Browsing the blog archivesfor the day Tuesday, January 8th, 2008.


William Steig, Camille Pisarro and I.B. Singer

Art

The Jewish Museum building on 5th Avenue and 92nd St, was once the Warburg family mansion; it has been adapted into a museum, expanded and has kept it’s grace and beauty.

The exhibit has William Steig’s  creative, original, delicately colored, beautifully drawn, drawings from his New Yorker cartoons, and from his wonderful children’s books.

The museum information about the work and the artist is unusually good too. Steig’s Bronx childhood and his life in New York, have the familiarity of listening to family story. Part of the exhibit includes his notes with the animators of Shrek and the animators drawings.

Also,  Steig’s gentle voice fills the gallery, from a video interview. Visiting kids had stories read to them in special story rooms at the exhibit. It is wonderful to be absorbed into Steig’s esthetic and humor. Did you know that schrek means “fear” or “scream” in Yiddish? 

Upstairs, there is an absolutely not to be missed video of I.B.Singer. The project was funded as a documentary but the film-maker/photographer, Bruce Davidson, and Singer wanted to produce Singer’s story called “Mrs. Pupko’s Beard”. They produced this ”documentary” in which Singer narrates his story, and we see the story acted out, and meet Mrs. Pupko and her great beard. We get to enjoy what is best about being completely idiosyncratic.

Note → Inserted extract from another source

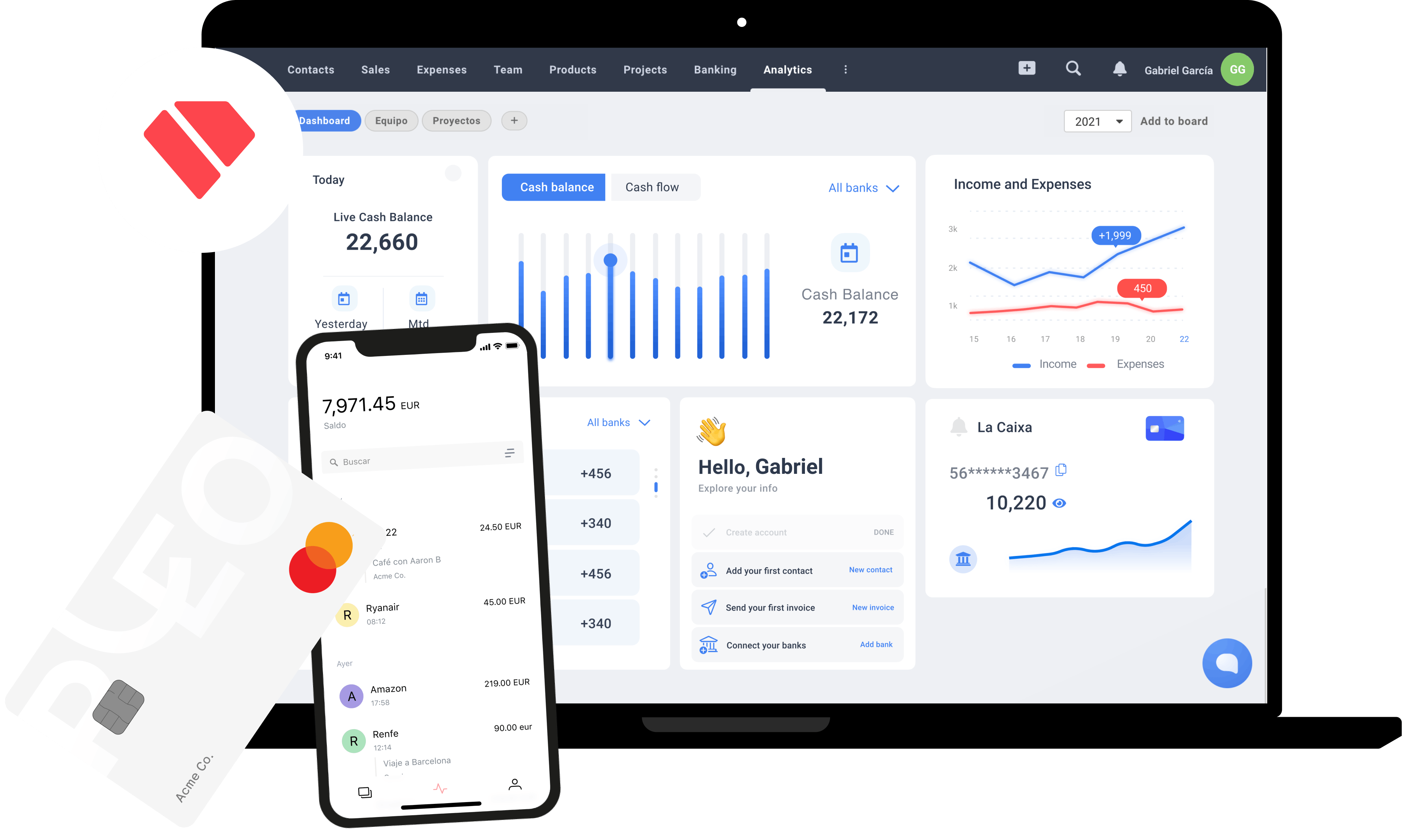 Gestionar los gastos manualmente puede llevar a errores. Pero si lo integras con Holded, todo ocurrirá automáticamente (y en vivo).
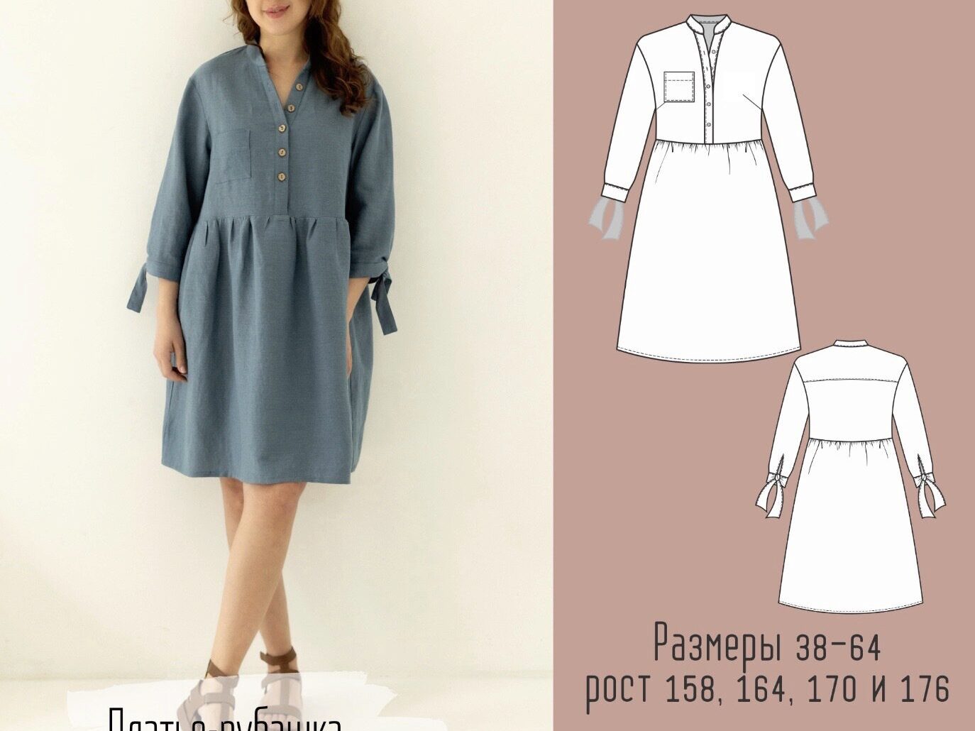 Модель Елена, платье 44 размера рост 170 см, реальный размер (на момент фотосессии) 44 рост 167 см. Параметры тела: ОГ 87 см, ОТ 71 см, ОБ 96 см. Размер выбран по обхвату груди. Сшито из льна с вискозой.

When you watch this video, don’t miss the details of the background in the shots of Singer feeding the pigeons on Broadway: there is the Upper West Side before the banks, drug stores and big mall stores took over the shops. 

The Camille Pisarro show had some startling information about some of the Impressionist painters. They respected Camille Pisarro as a founder of Impressionism, and even called him “Pere Pisarro”.  

When the Dreyfus Affair happened, some sided with Dreyfus: Pisarro, Monet and Cassat while “Renoir, Cezanne and Degas sided with the French government and even made anti-semitic comments against Pisarro, their former friend and colleague.”  This is something one would not learn in another museum.